Re: Optimize streaming in of non-prevailing ipa-parm summaries
- From: Richard Biener <richard dot guenther at gmail dot com>
- To: gcc-patches at gcc dot gnu dot org,Jan Hubicka <hubicka at ucw dot cz>
- Date: Sun, 16 Dec 2018 08:21:46 +0100
- Subject: Re: Optimize streaming in of non-prevailing ipa-parm summaries
- References: <20181215211743.b4kzkqfegennl7lz@kam.mff.cuni.cz>
On December 15, 2018 10:17:43 PM GMT+01:00, Jan Hubicka <hubicka@ucw.cz> wrote:
>Hi,
>this patch is motivated by finding that Firefox ipa summaries stream-in
>is fully dominated by streaming edge summaries that are not necessary
>because they lead to external calls or are from comdat functions that
>are unused.
>
>Reading them, populating hashes and later removing them at once
>streaming is finished increases memory use by about 1GB. This patch
>simply adds logic to notice such unnecesary summaries early and not
>put them to memory. This includes ADDR_EXPR that seems to be most
>common
>constant values and are easy to rebuild.
Don't you want to go the full way decomposing it to sym + offset?
>Our streams are not organized in a way it would be easy to skip
>something so I opted to simply "fast forward" reading the dead data but
>not producing datastructures.

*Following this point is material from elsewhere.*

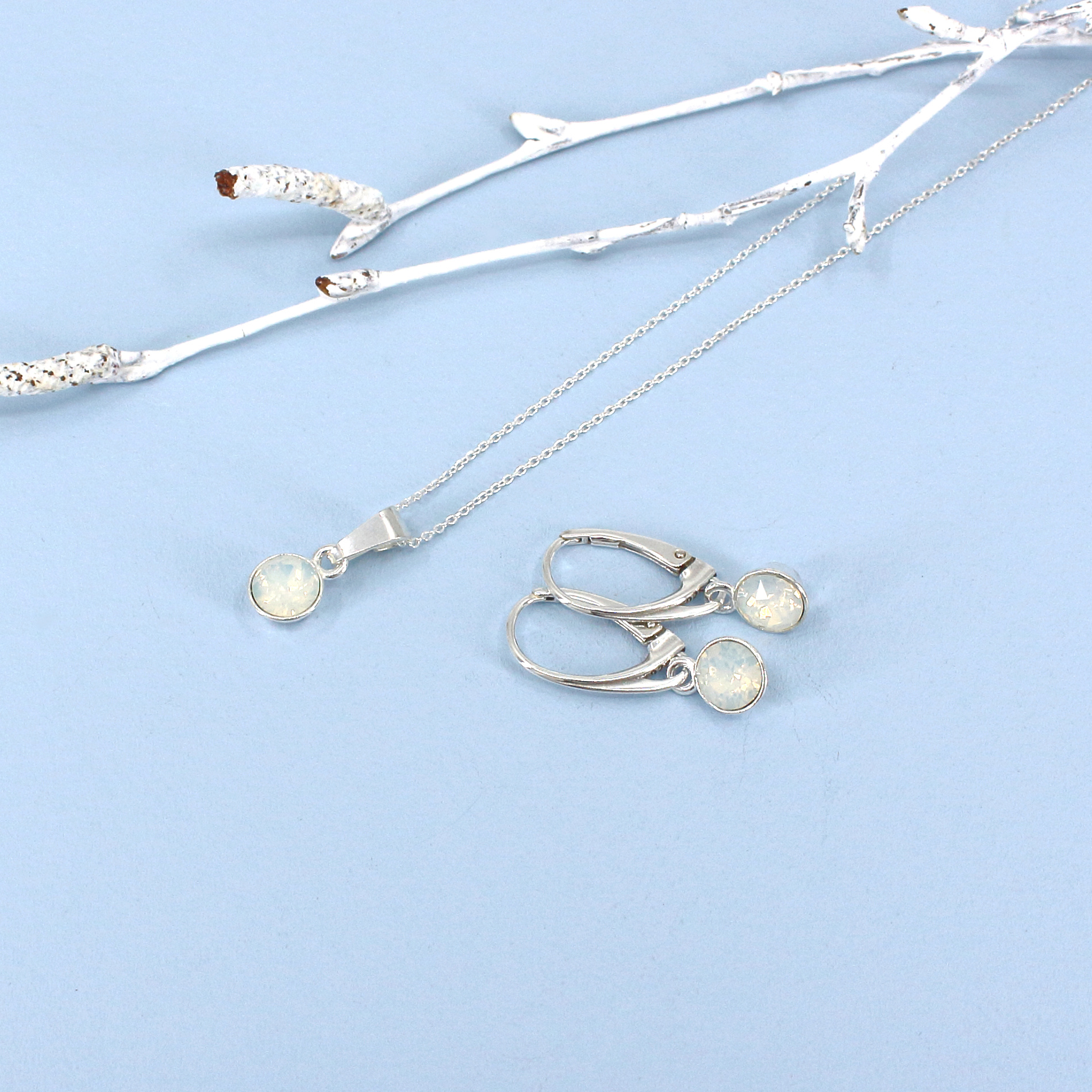 Schmuckset aus Sterlingsilber mit Halskette und Ohrringen, verziert mit einem weißen Opal-Swarovski-Kristallanhänger. Kettenlänge: 40-44 cm. Ohrringe: 2,5 cm. Kristall: 6 mm.

We may think of more systematic solution
>next stage1, but there are only two places where this matters -
>ipa-prop
>and ipa-fnsummary I will treat next.
>
>Bootstrapped/regtested x86_64-linux, will commit it shortly.
>
>Honza
>
> * cgraph.h (cgraph_node): Add predicate prevailing_p.
> (cgraph_edge): Add predicate possible_call_in_translation_unit_p.
> * ipa-prop.c (ipa_write_jump_function): Optimize streaming of
>ADDR_EXPR.
> (ipa_read_jump_function): Add prevails parameter; optimize streaming.
> (ipa_read_edge_info): Break out from ...
> (ipa_read_node_info): ... here; optimize streaming.
> * cgraph.c (cgraph_edge::possibly_call_in_translation_unit_p): New
> predicate.
>
>Index: cgraph.h
>===================================================================
>--- cgraph.h (revision 267122)
>+++ cgraph.h (working copy)
>@@ -308,6 +308,10 @@ public:
> /* Return availability of NODE when referenced from REF. */
> enum availability get_availability (symtab_node *ref = NULL);
>
>+ /* During LTO stream-in this predicate can be used to check whether
>node
>+ in question prevails in the linking to save some memory usage.
>*/
>+ bool prevailing_p (void);
>+
> /* Return true if NODE binds to current definition in final executable
> when referenced from REF. If REF is NULL return conservative value
> for any reference. */
>@@ -1730,6 +1734,10 @@ struct GTY((chain_next ("%h.next_caller"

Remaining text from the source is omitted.